0

I have been doing some manual benchmark tests in my shell using the time command. I would like to scale my benchmarks by writing a python script that both automates the tests and affords me access to the time data so that I can record it in the format of my choosing (likely a csv). I see there is the timeit module, but that seems like it is more for benchmarking python code, where what I am trying to benchmark here are programs run in the command line.
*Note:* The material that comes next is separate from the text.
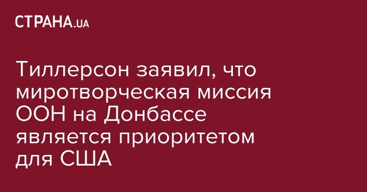 Госсекретарь Соединенных Штатов Америки Рекс Тиллерсон заявил, что приоритетом в решении конфликта на Донбассе для США является достижение согласия относительно отправления туда миротворческой миссии ООН.
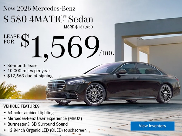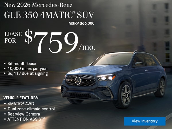 Available only to qualified customers through Mercedes-Benz Financial Services at participating authorized Mercedes-Benz dealers through March 2, 2026. Not everyone will qualify. Advertised 36 months lease payment based on MSRP of $67,650 less the suggested dealer contribution of $4,421 resulting in a total gross capitalized cost of $63,229. Dealer sets the final price. Dealer's contribution may vary and could affect your actual lease payment. Includes Destination Charge and optional. Excludes title, taxes, registration, license fees, insurance, dealer prep and additional options. Total monthly payments equal $27,684. Cash due at signing includes $5,099 capitalized cost reduction, $995 acquisition fee, and first month's lease payment of $769. Your acquisition fee may vary by dealership. The acquisition fee charged by the dealer may affect the total cash due at signing. No security deposit required. Total payments equal $33,778. At lease end, lessee pays for any amounts due under the lease, any official fees and taxes related to the scheduled termination, excess wear and use plus $0.25/mile over 30,000 miles and a $595 vehicle turn-in fee. Purchase option at lease end for $37,208 plus taxes (and any other fees and charges due under the applicable lease agreement) in example shown. Subject to credit approval. Specific vehicles are subject to availability and may have to be ordered. See participating dealer for details. Offer not valid in Puerto Rico.

This is what I have been doing manually:

time program -aflag -anotherflag

My initial attempt to implement this in a script looks like:

cmnd = ['time', 'program', 'aflag', 'anotherflag']
p = subprocess.Popen(cmnd, shell=False, stdout=subprocess.PIPE, stderr=subprocess.PIPE)
out, err = p.communicate
print out
print err

I can access the output of time just fine – this is delivered to stderr, however I am not getting program's output as expected in stdout. If I remove time from cmnd and change shell=False to True, I then get the program's output in stdout – however obviously not time's output, which is the whole point.

cmnd = ['program', 'aflag', 'anotherflag']
p = subprocess.Popen(cmnd, shell=True, stdout=subprocess.PIPE, stderr=subprocess.PIPE)
out, err = p.communicate
print out
print err

If I add time back to cmnd with shell=True, I get time's output but program doesn't actually run.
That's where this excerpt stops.